Real-World Safety and Clinical Response of Flumatinib in the Treatment of Chronic Myeloid Leukemia: A Retrospective Study

Objective: The objective of this retrospective study was to assess the effectiveness and safety of flumatinib in the treatment of chronic phase chronic myeloid leukemia (CML) in real-world settings.

Methods: A total of 61 patients who received flumatinib as first-line therapy were compared with 92 patients who received first-line imatinib therapy. Furthermore, the 58 patients who received flumatinib as post-line therapy were divided into two groups based on the timing of switching to flumatinib: an early conversion group (n=18) and a late conversion group (n=40). The molecular responses and outcomes were assessed at multiple time points (3, 6, 9, and 12 months) during the treatment of flumatinib, along with the observation of adverse reactions.

Results: In comparison to imatinib, the use of flumatinib as a first-line therapy demonstrated statistically significant increases in early molecular response (EMR), major molecular response (MMR), and deep molecular response (DMR) at various milestones (p<0.05). Additionally, the incidence of adverse events was lower in the flumatinib group, as evidenced by higher event-free survival (EFS) rates (83.6% vs. 39.1%, P=0.01) and a lower medication switching rate (90.2% vs. 31.5%, P<0.001). However, there were no significant differences observed in overall survival (OS) and progression-free survival (PFS) rates between the two groups (P>0.05). In the context of post-line therapy, a significant proportion of patients (72.2%) achieved EMR at 3 months, while 71.9% achieved MMR at 12 months when treated with flumatinib. Notably, the early conversion group exhibited higher rates of molecular response and demonstrated superior OS, PFS, and EFS at the 12-month mark compared to the late conversion group (P>0.05). Adverse events (AEs) commonly associated with flumatinib encompassed limb discomfort, gastrointestinal reactions, and elevated transaminase levels, with thrombocytopenia being the most frequently observed hematologic AE.

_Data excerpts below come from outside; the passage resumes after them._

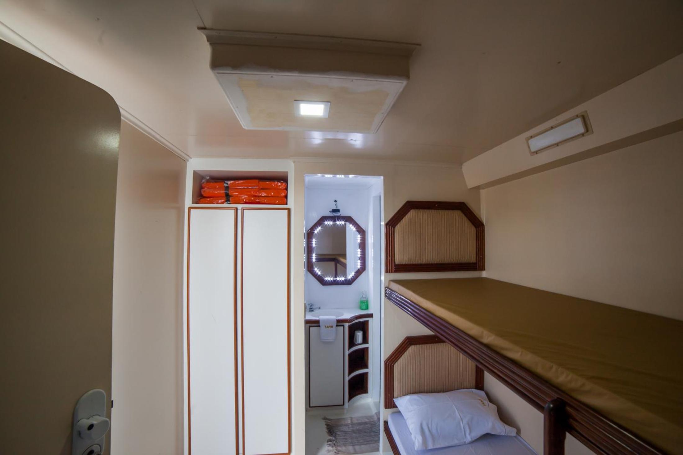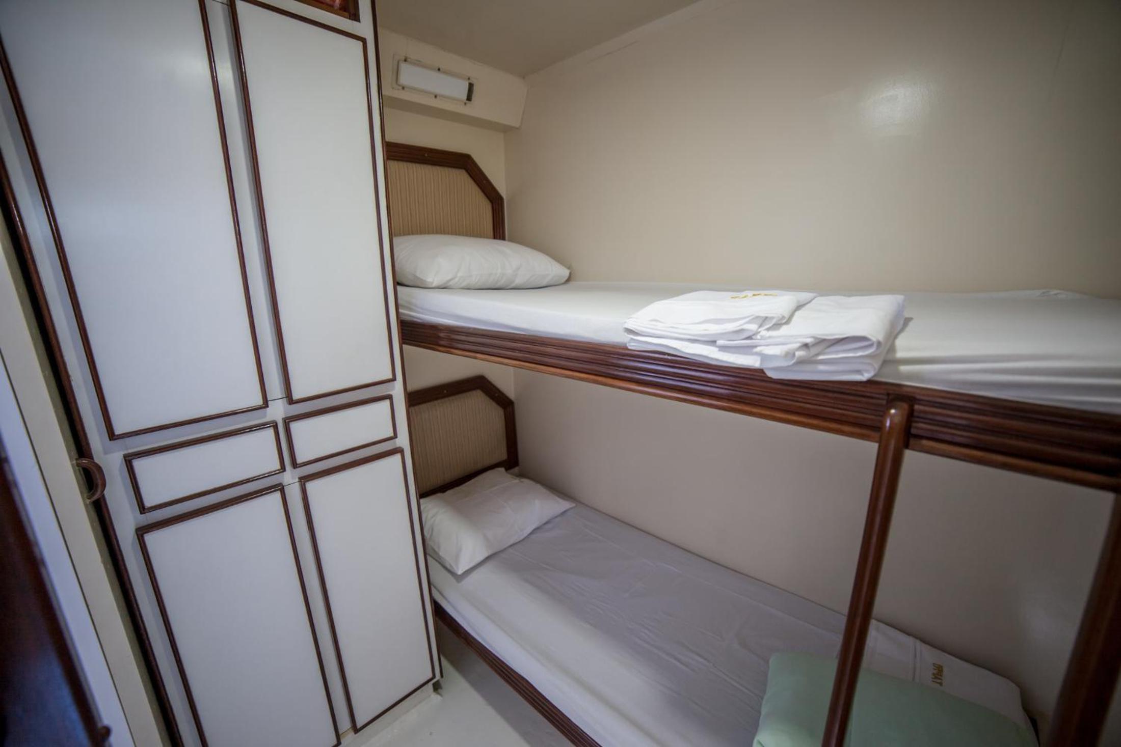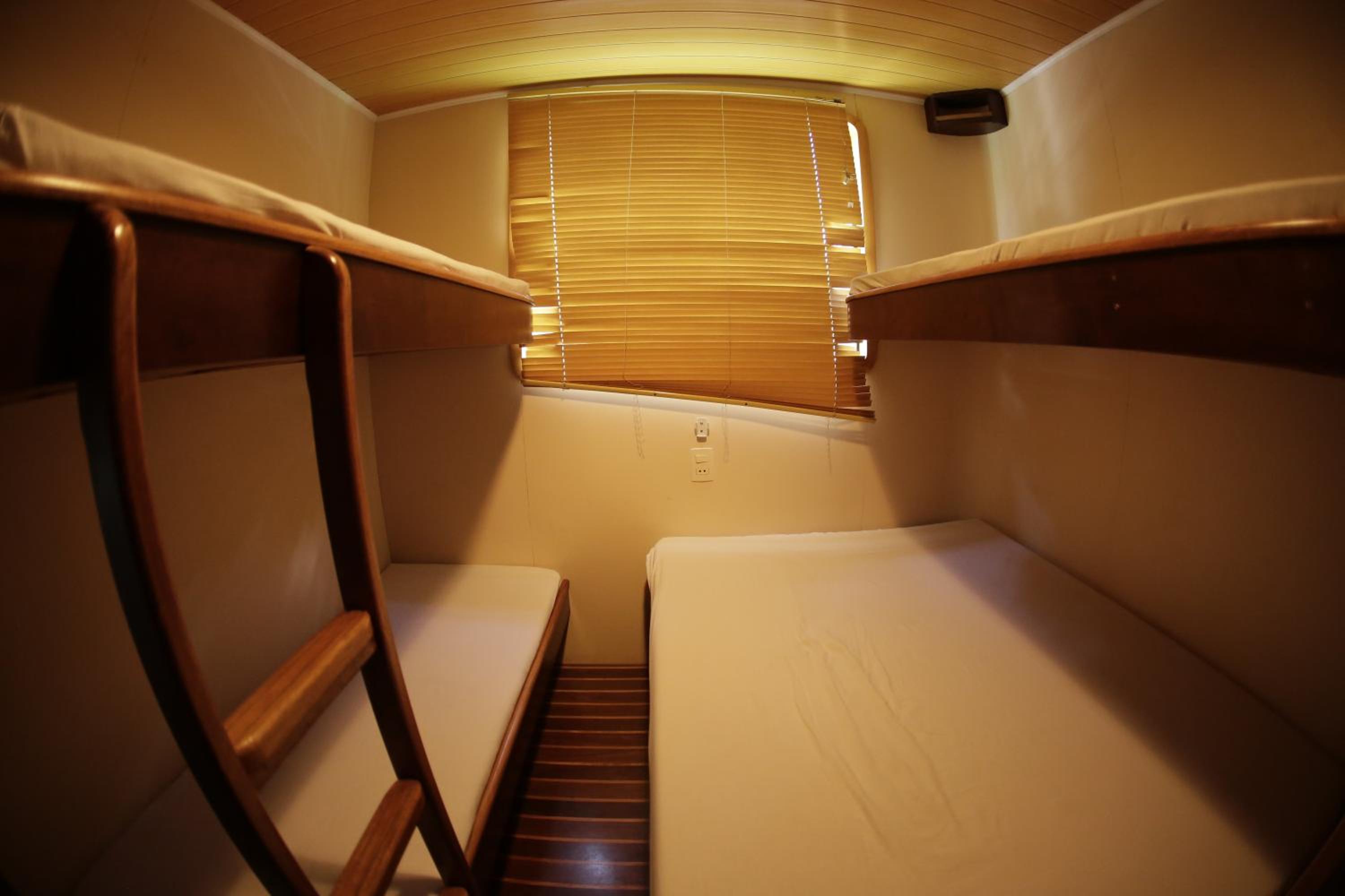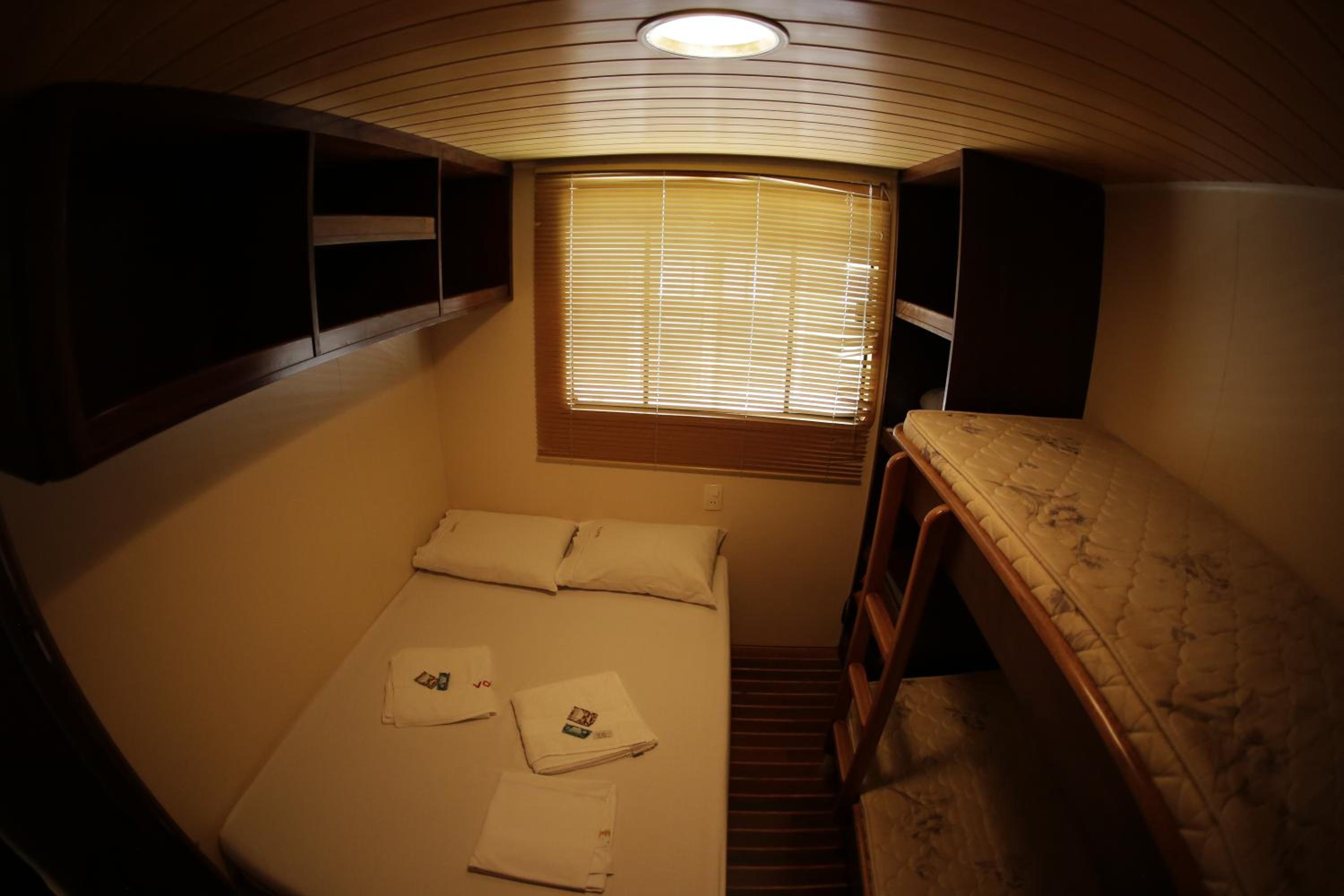 A cabine bem apertada e com beliche sendo bem complicado subir na cama de cima quem já tem mais idade.
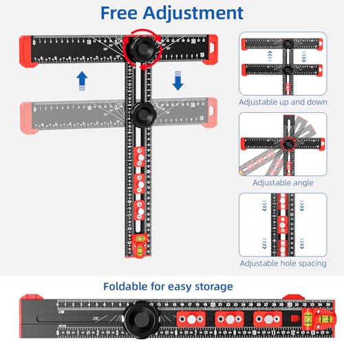 - 【CRAFTED FROM ALUMINUM ALLOY & HIGH ACCURACY】This professional-grade multifunctional woodworking ruler is crafted from aluminum alloy with an anodized surface, which is necessary to keep the scale clear and high-precision measurements, and we have also made a foldable design, which is designed to give you greater convenience in storing and carrying.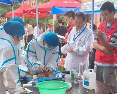 本次大赛分为笔试初赛和操作决赛两个阶段。经过两个多月的精心筹备,27支队伍共99人闯入决赛。大赛涉及学院2021级和2022级各专业学生,设置专业一组、专业二组、专业三组和非专业组,现场操作考核包括兔的胃切开、掺假鱼粉的鉴定、鸡的精液采集、品质检测及人工授精等比赛内容。赛场中各团队凭借扎实的专业知识,过硬的操作技能,娴熟的团队合作,有条不紊地完成各项实验操作。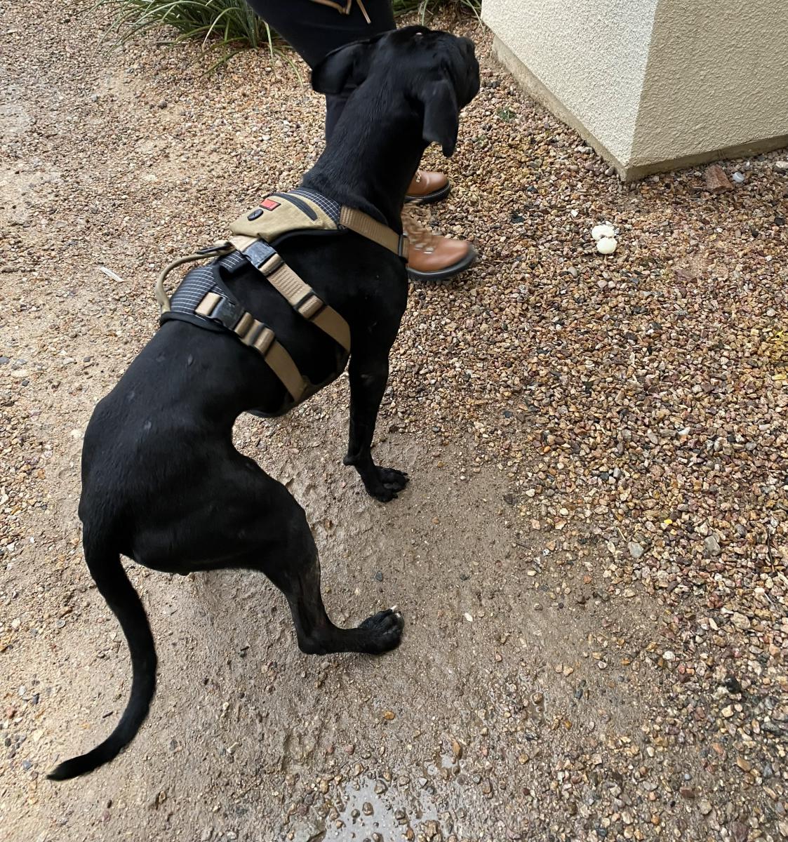Pet Description:Black dog with harness found wandering parking lot. Please contact! |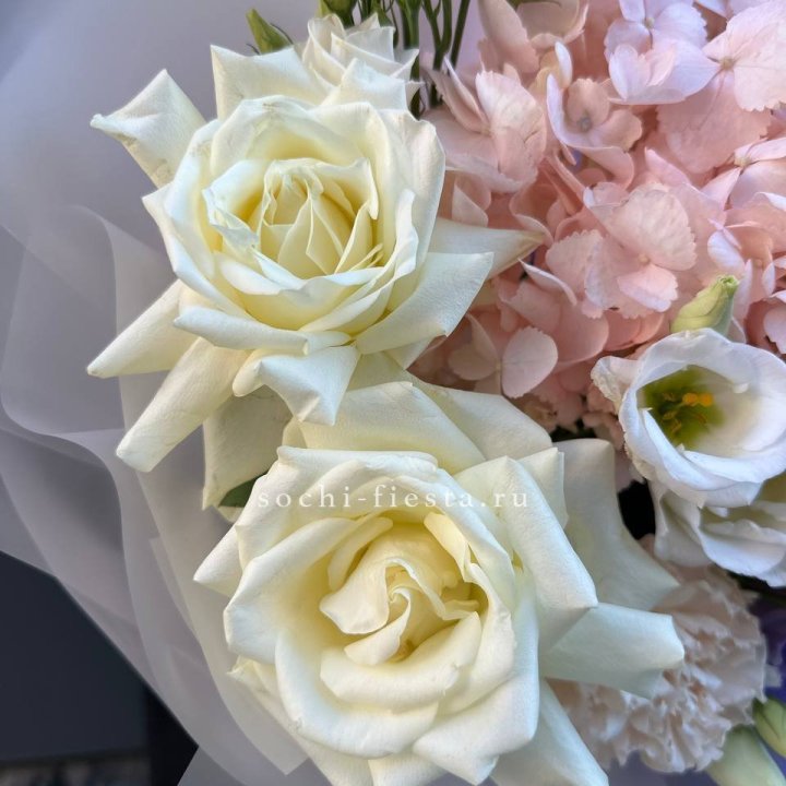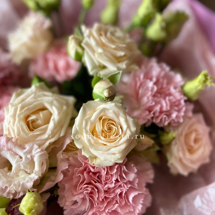 Основа сборных букетов в Калининграде: розы (Freedom, Mondial, Avalanche), хризантема кустовая, альстромерия, эустома, фрезия, вероника. Дополнительно — ранункулюсы в сезон, хризантема одиночная, ирис весной, тюльпаны в апреле. Состав зависит от текущей поставки и сезона. Флорист всегда предлагает то, что в лучшей форме прямо сейчас.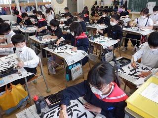 12月1日(木)3年1組の子ども達が、毛筆で「小」の字を練習していました。点とはねの穂先の通り道や筆圧について考えながら、集中して書いていました。3年生から始めた毛筆ですが、筆を持つことにも慣れてきたようでした。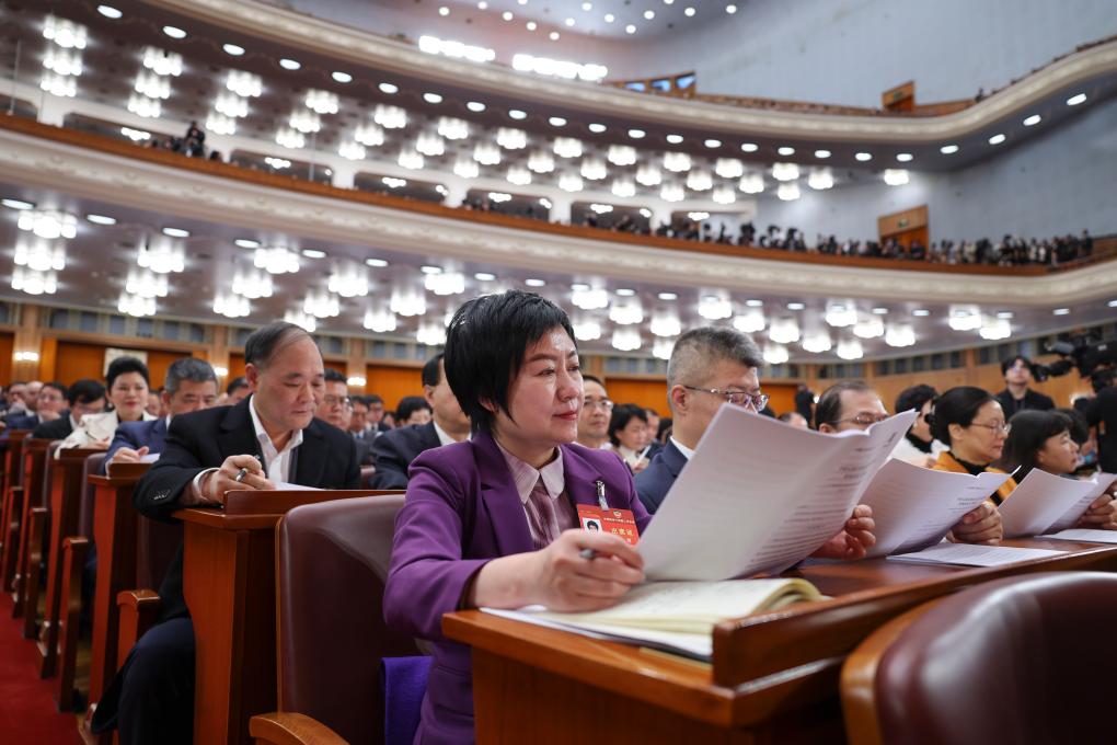 3月4日下午,中国人民政治协商会议第十四届全国委员会第二次会议在北京人民大会堂开幕。这是记者在会场拍摄。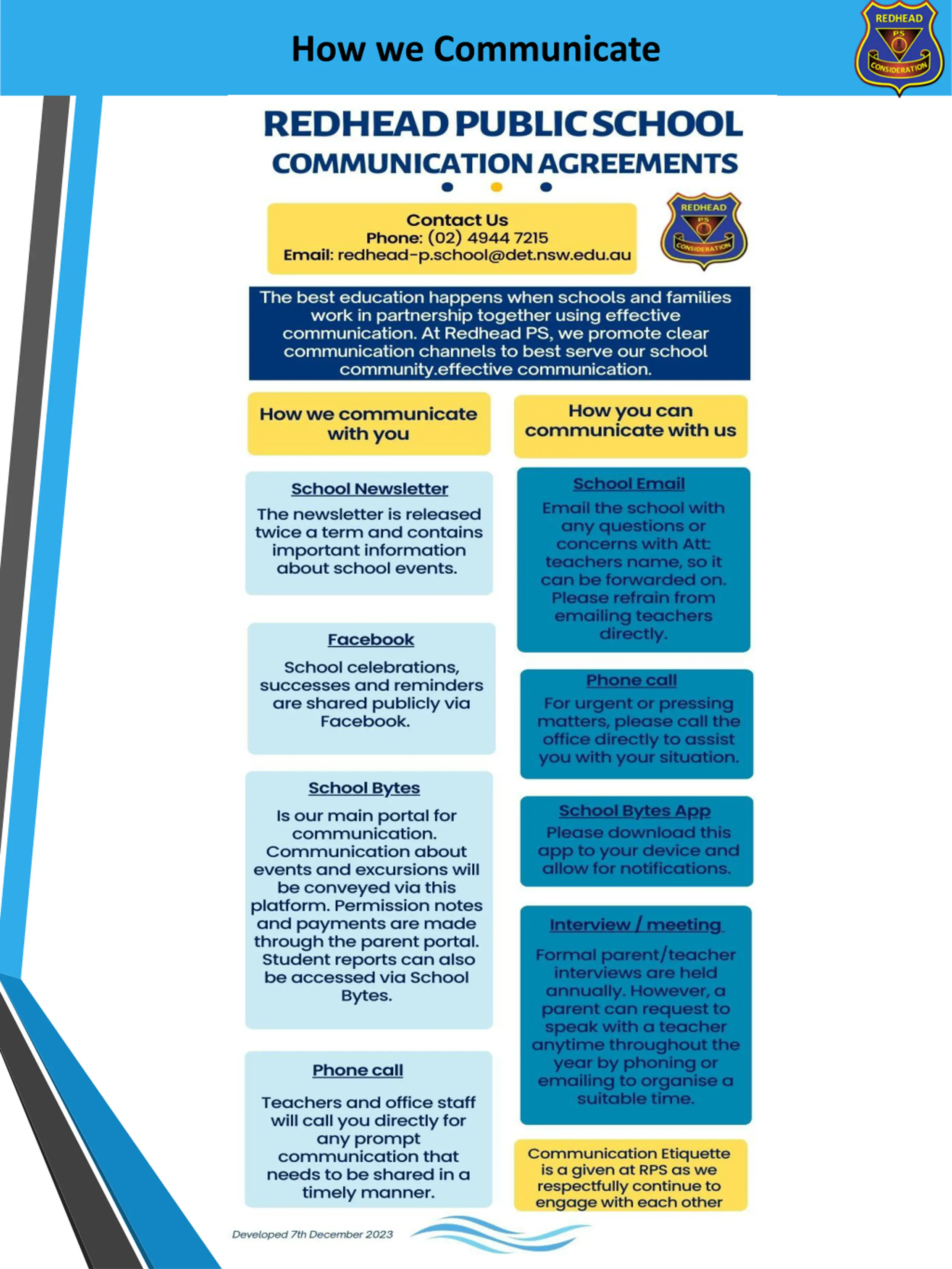 School and student behaviour expectations Redhead Public School is committed to explicitly teaching and modelling positive behaviour, and to supporting all students to be engaged with their learning. Our school reinforces this through personalised school values/student behaviour code and the Department of Education's Positive Behaviour for learning (PBL) framework. Values Education is discussed in our weekly Monday morning assembly in the hall at 9:10am. Parents/carers are more than welcome to attend. Each week teachers discuss, model and reinforce our value focus. Posters are displayed in every classroom and around the outdoor school environment for transparency and to remind students of our student behaviour code. On our school website detailed information can be located regarding : https://redhead-p.schools.nsw.gov.au/about-our- school/parent-information.html

Conclusion: Flumatinib exhibited notable efficacy and safety as a therapeutic option for patients with chronic phase CML, whether utilized as a first-line or post-line treatment. In comparison to imatinib, initial administration of flumatinib resulted in more profound and expeditious molecular responses. The utilization of flumatinib as a post-line therapeutic approach during the early stage of treatment exhibits a favorable influence on patient prognosis. However, no statistically significant disparity was noted when compared to the group receiving switch therapy during the late stage.